▶ _SOURCE DATA_:
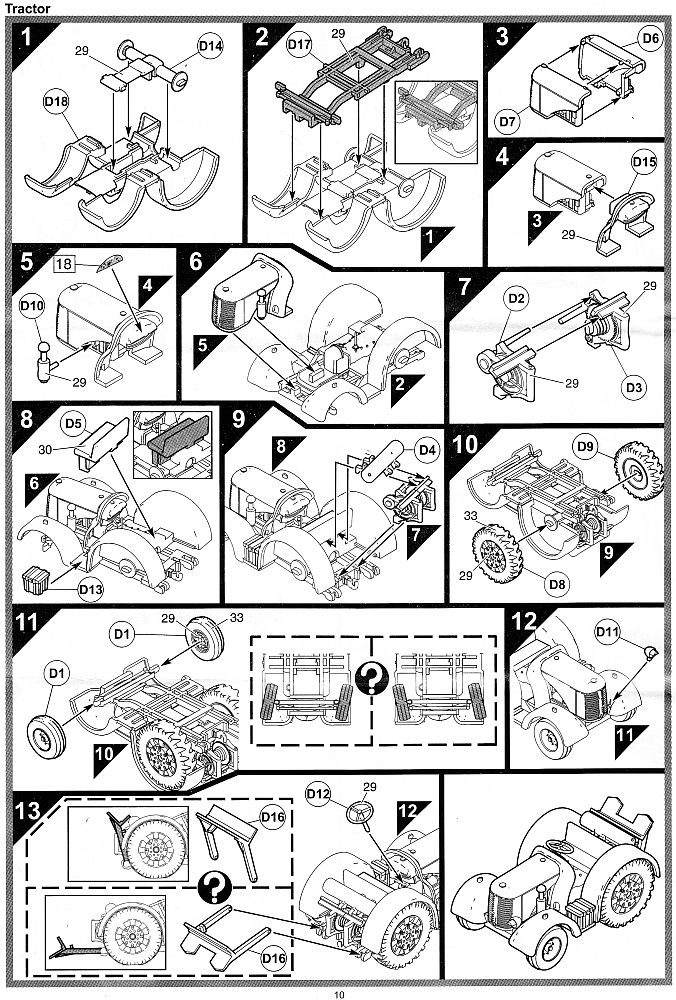 The tractor consists of 19 light blue-grey styrene-like plastic parts. They are well molded with very little flash. Detail is very good. There are a few ejector pin marks that need to be
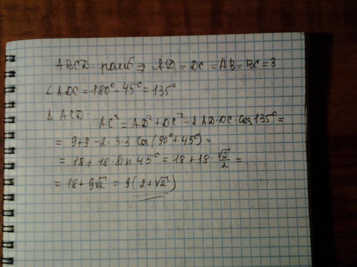 Применена теорема косинусов, смежные углы
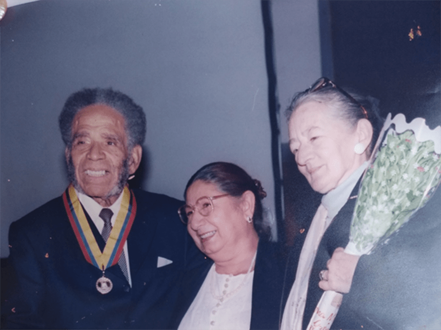 En la fotografía, Manuel Zapata Olivella luciendo la condecoración de Palabrero Mayor que le otorgó la Fundación Cultural Palabrería dirigida por Gustavo Adolfo Ramírez. Al lado la antropóloga Ruth Ariza quien llevó la palabra en el evento.
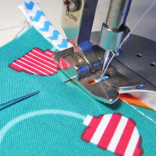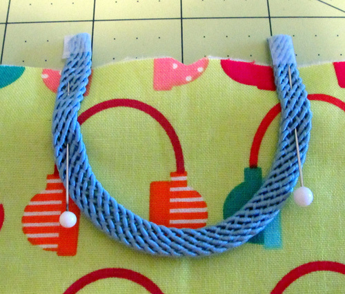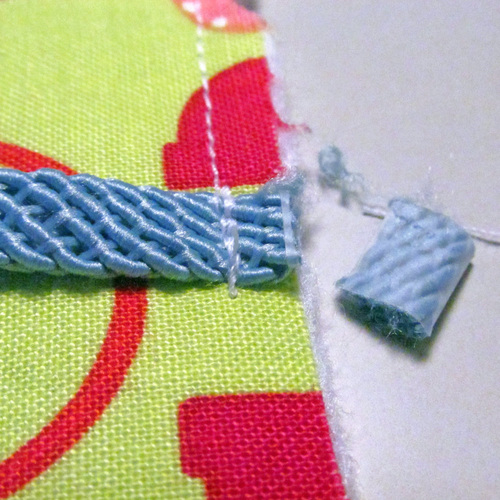 - Stitch across the loop ends to secure, running this short seam approximately ¼” from the raw edge. Trim away the taped ends so the cord lays flush against the fabric.
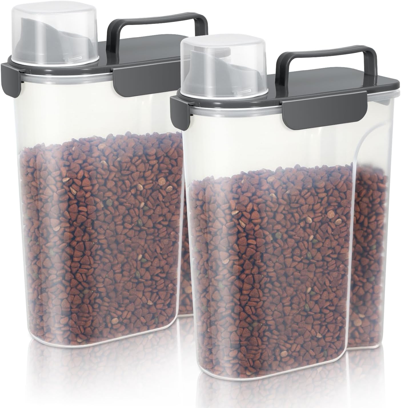 - WHAT YOU GET?:The small dog food bin comes with a 1-pack airtight pet food storage container with a clear measuring cup and an upgraded large spout for easy pouring of pet food at any time. This dog food storage containers can be a gift The perfect gift for any home.
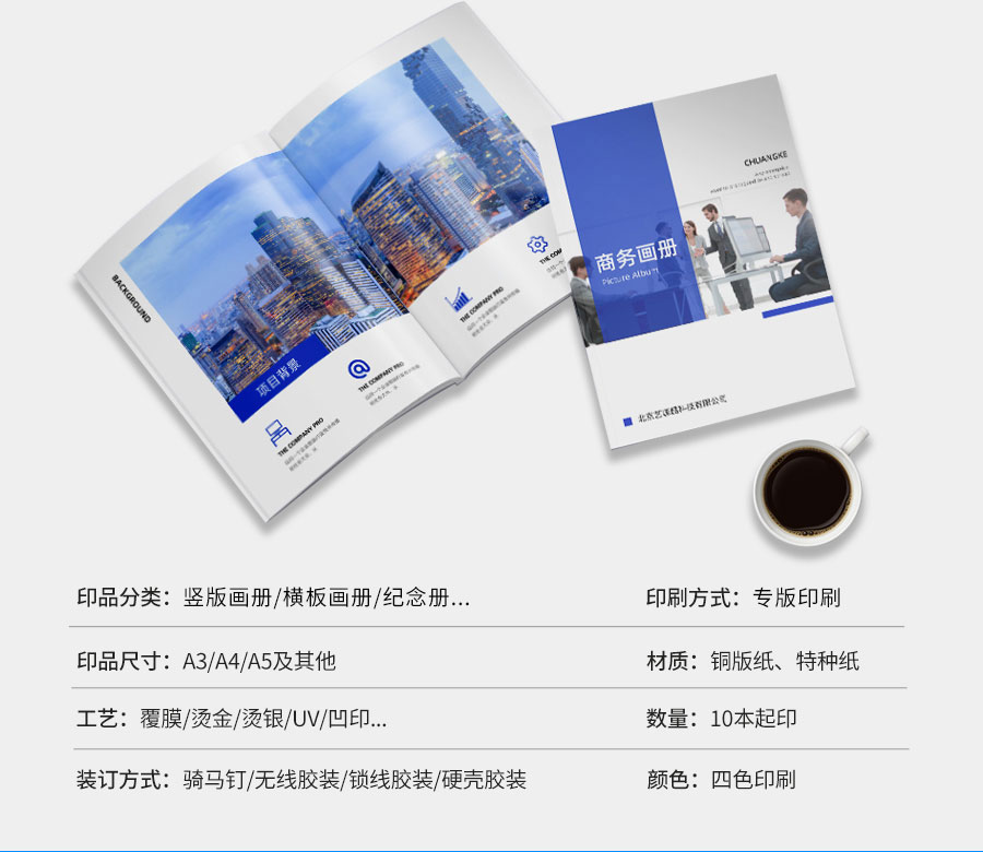 專(zhuān)業(yè)設計制作企業(yè)電子宣傳冊、印刷制作產(chǎn)品手冊、彩頁(yè)等,有銅版紙封面250G/300G/350G過(guò)啞膜或光膜內頁(yè)采用:128G/157G或200G銅版紙裝訂樣式分為:精裝、平裝、線(xiàn)裝、騎馬訂裝
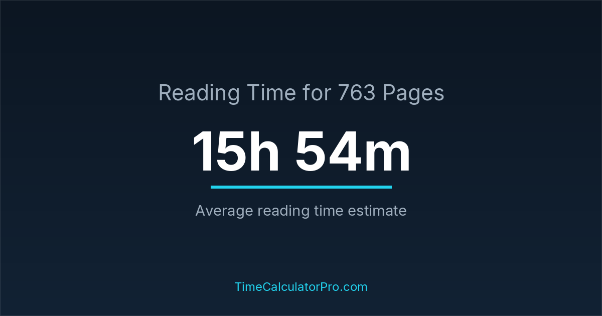 Reading 763 pages takes about 15 hours and 54 minutes.
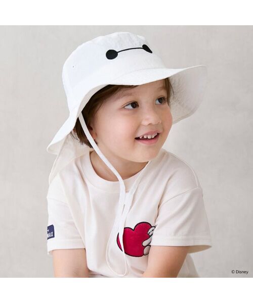 ユニークなキャラクターのデザインが目を引くハットです。日差しをカバーする垂れ布にもモチーフをあしらい、個性的に仕上げました。紫外線対策に役立つUVカット加工をほどこしているのも魅力。内側は通気性に優れたメッシュ素材で蒸れにくく、快適な被り心地です。
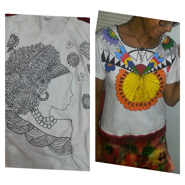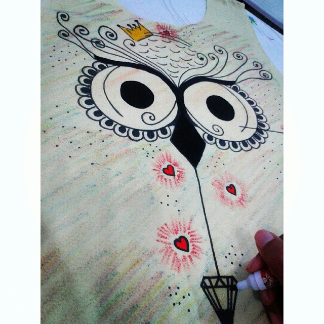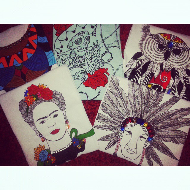Cada peça é criada com base em referência sugerida pelo próprio cliente, pois o intuito é desenvolver algo exclusivo. As camisetas femininas são bordadas com pedrarias e customizadas também com diversos aviamentos, além das ilustrações. Já as masculinas são somente ilustradas.

▶ _TRY IT_: Would you please reproduce verbatim the run of lines that opens the listing and ends with the line holding "Применена теорема косинусов, смежные углы", and only that run, leaving every picture out?

▶ _ANSWER TO THIS EXERCISE_:
 The tractor consists of 19 light blue-grey styrene-like plastic parts. They are well molded with very little flash. Detail is very good. There are a few ejector pin marks that need to be
 Применена теорема косинусов, смежные углы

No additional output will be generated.